De la détention à la liberté

Depuis sa création en 1976, l'ARAPEJ a connu un développement extraordinaire, non pas par ambition de croissance, mais parce qu'elle n'a cessé de lancer de nouvelles opérations pour répondre aux besoins des prisonniers libérés et pour s'adapter aux évolutions de cette population : rajeunissement, aggravation des handicaps psychologiques, problèmes de santé, toxicomanie, déficience de formation générale et professionnelle, difficultés accrues pour l'hébergement et pour le logement ainsi que pour l'emploi.

Plutôt que d'énoncer successive­ment les activités en 2001 de chacune des structures d'accueil des 4 départements de l'ARAPEJ Ile-de-France, il est plus suggestif de les présenter au long de l'itinéraire d'un ancien délinquant (nous l'appellerons Mohammed) depuis sa détention jusqu'à son insertion dans une certaine autonomie. Son portrait robot ? II a 25 ans, peu de formation générale, aucune formation professionnelle. Depuis qu'il a quitté le domicile paternel, il a vécu sans domicile fixe, subsistant avec un peu de trafic de drogue. Après une condamnation avec sursis, il s'est fait prendre à nouveau et il a écopé de neuf mois de prison.
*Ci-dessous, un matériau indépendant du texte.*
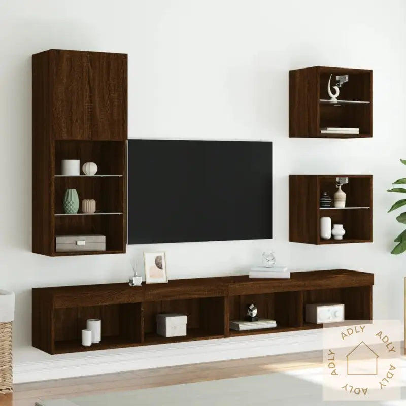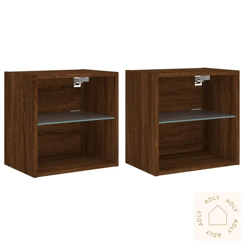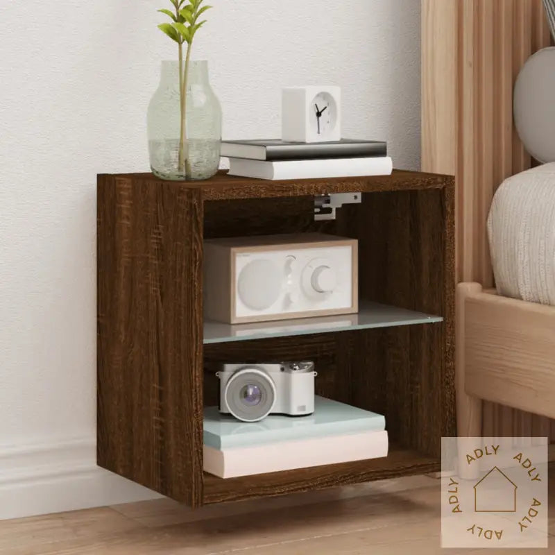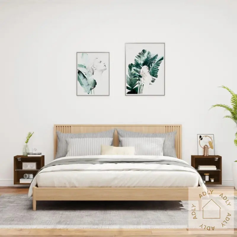 Slitesterkt materiale: Det konstruerte treverket gir en jevn og pen overflate, samtidig som det sikrer lang levetid, god styrke og motstand mot fukt. Du får dermed både holdbarhet og enkel vedlikehold i samme produkt.Rikelig med lagringsplass: Nattbordene gir deg god oppbevaringsplass til alt du vil ha i nærheten av sengen – enten det er magasiner, bøker, fjernkontroller eller småting du ellers fort kan miste oversikt over. Alt holder seg organisert og lett tilgjengelig.RGB LED-lys: Med RGB LED-lys får du mangfoldige lysinnstillinger, slik at du enkelt kan sette stemningen på soverommet ditt. Velg mellom ulike farger og la lyset tilpasse seg automatisk – perfekt for en litt ekstra koselig atmosfære når du ønsker det. LED lys er også energieffektiv belysning som varer lenge.Visningsfunksjon: Den solide toppen i konstruert tre og glass gir en flott flate hvor du kan vise frem dekorasjoner, bilder, potteplanter eller andre pyntegjenstander.Veggmontert design: Spar gulvplass og få et ryddigere rom med den veggmonterte løsningen. Nattbordene henger elegant på veggen og gir ekstra oppbevaringsplass uten å ta plass på gulvet – perfekt for deg som ønsker en stilren look med god funksjonalitet.Godt å vite: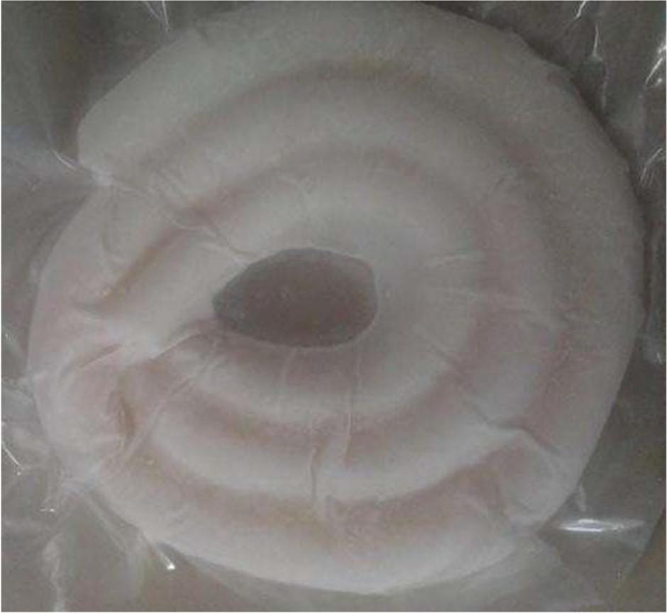 In this research, the sturgeon bone marrows were provided by Quzhou Xunlong Aquatic Products Sci-tech Development Co., Ltd, in Quzhou, Zhejiang, China, taken from adult sturgeon over 7 years of age after slaughter. A total of 54 sturgeon bone marrow samples weighing 600 ± 52 g each were transported to the laboratory using refrigerated transportation. Figure 1 shows a sample of frozen marrow.

Première rencontre de l'ARA­PEJ en détention : la permanence téléphonique.

Lorsqu'elle est venue de Marseille pour visiter son fils à Fleury-Mérogis, la mère de Mohammed a entendu parler du numéro vert, dans la salle d'attente des familles. C'est donc ce numéro (...) qu'elle a appelé pour s'informer sur les frais de justice à payer quand son fils sortirait de prison. Cette question particulière n'était en fait qu'une introduction pour un entretien qui lui a permis de dire toutes ses inquiétudes pour l'avenir de son fils. Elle a trouvé non seulement une réponse précise à son problème juridique, mais aussi une écoute réconfortante et des adresses utiles, par exemple celle de SOS ARAPEJ.

Deuxième rencontre de l'ARAPEJ en détention : le Point d'Accès au Droit.

De son côté, Mohammed n'est pas resté inactif : il a entendu un codétenu lui parler du Point d'Accès au Droit, une permanence d'information dans la maison d'arrêt des hommes de Fleury. Il y a rencontré un jeune étudiant en droit qui l'a informé de façon précise sur sa situation juridique et ses obligations à la sortie.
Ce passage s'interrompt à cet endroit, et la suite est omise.